While the substitution method proved highly effective in this case, other approaches could potentially be employed, although they may not be as straightforward. Numerical integration techniques, such as the trapezoidal rule or Simpson's rule, could provide an approximate solution. However, these methods generally require more computational effort and might not yield the exact analytical solution achieved through substitution.

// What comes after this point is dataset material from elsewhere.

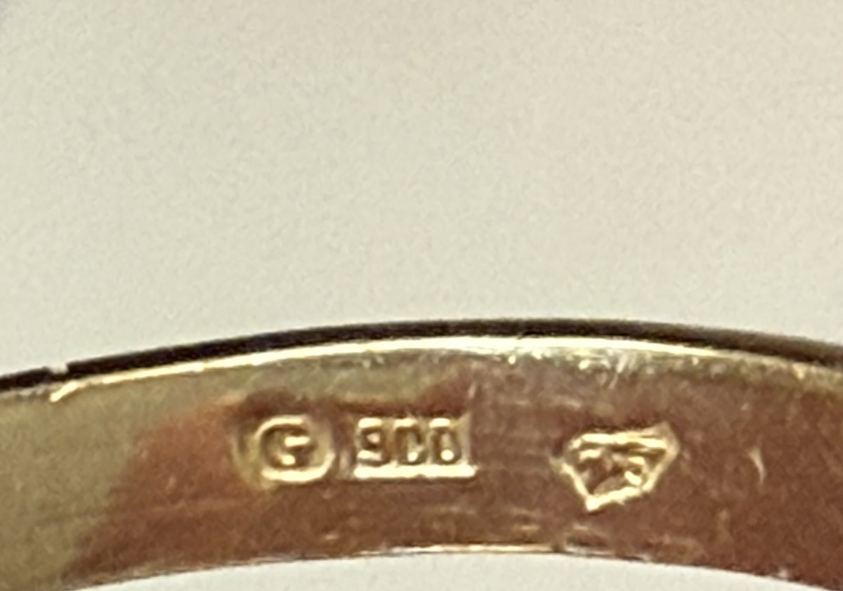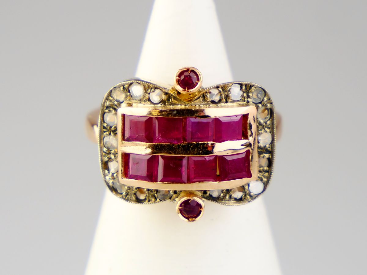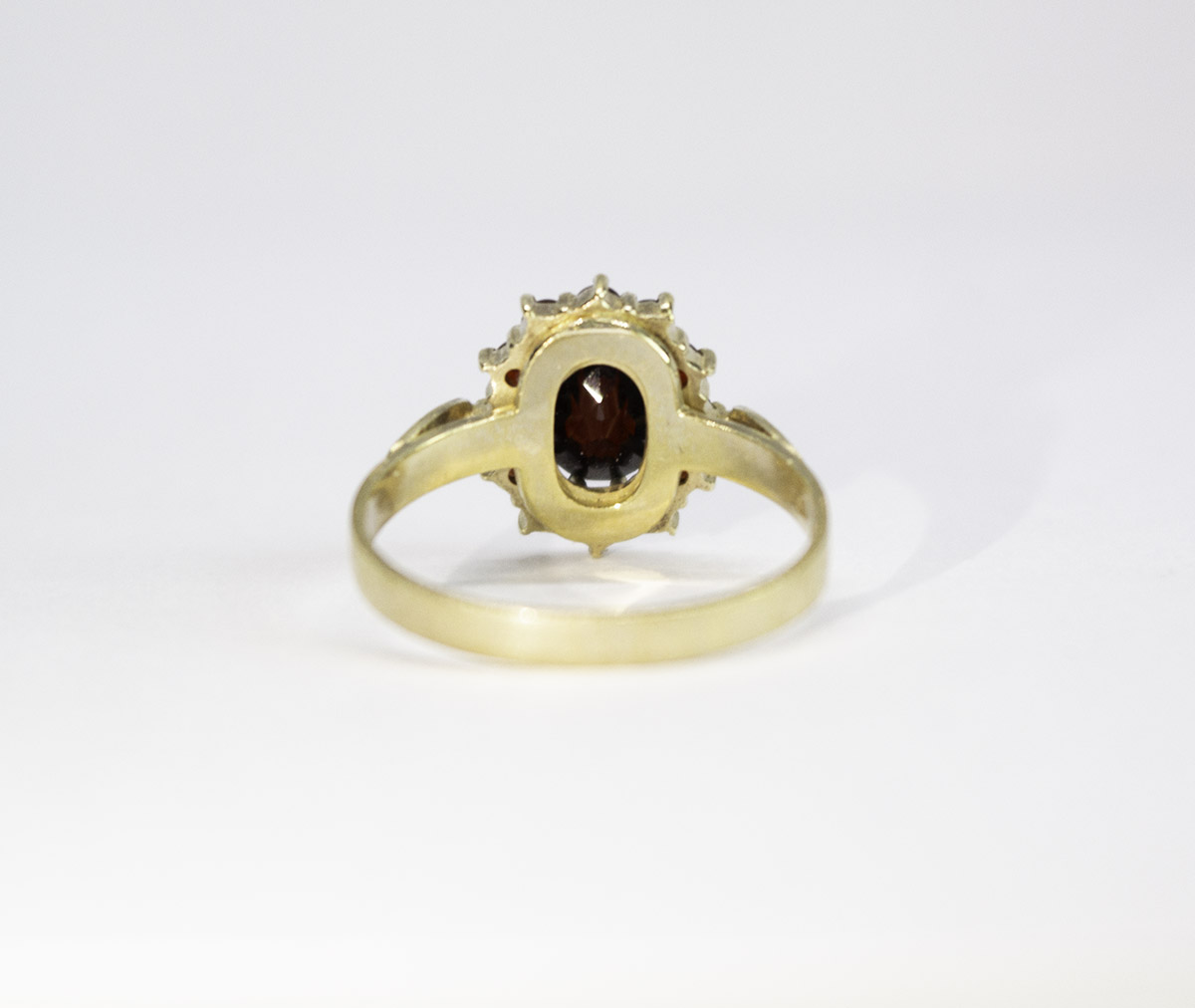 stříbrný zlacený prsten s granáty z české dílny Granát Turnov, 12 ks. českých granátů, centrální kámen je almandin o rozměru 6,6 x 8,7 mm, Ag btto 2,46 g/900/1000, Čechy, kolem r. 1965, rozměr hlavy 1,23 x 1,29 cm, velikost prstenu 55

Practical Applications and Extensions

Definite integrals find extensive applications in various fields, including physics, engineering, and finance. For instance, they are crucial in calculating areas, volumes, work done by a force, and probabilities. The principles discussed here can be extended to evaluate more complex integrals involving exponential functions and rational expressions. Mastering substitution techniques is a vital skill for tackling such challenges.

Common Mistakes to Avoid

When evaluating definite integrals, several common pitfalls should be avoided:

Incorrect Substitution: Carefully choose the substitution variable and ensure the differential is calculated accurately. A small error in this step can significantly impact the final result.
Forgetting the Limits of Integration: Always remember to substitute the original limits of integration after the integration step, before evaluating the final expression.
Algebraic Errors: Pay close attention to algebraic manipulations, especially when dealing with fractions and exponents. A single mistake can lead to an incorrect answer.
Improper Use of Properties of Integrals: Familiarize yourself with the properties of definite integrals, such as linearity and the interval additivity property. Misapplying these properties can lead to inaccurate solutions.

Conclusion

Evaluating definite integrals like ∫₂¹ (2e^(1/x⁴)/x⁵) dx requires a strategic approach, often involving substitution methods. By carefully selecting a substitution variable and meticulously executing the steps, we can transform a seemingly complex integral into a much simpler one. Understanding the underlying concepts, avoiding common pitfalls, and interpreting the result are vital for accurate and meaningful solutions. This process strengthens one's analytical skills and provides the foundation for tackling increasingly complex integration problems in various scientific and engineering applications. The result, approximately -0.82689, highlights the importance of not just calculating the numerical value but also understanding its significance within the context of the problem. This holistic approach ensures a more complete and comprehensive understanding of the topic.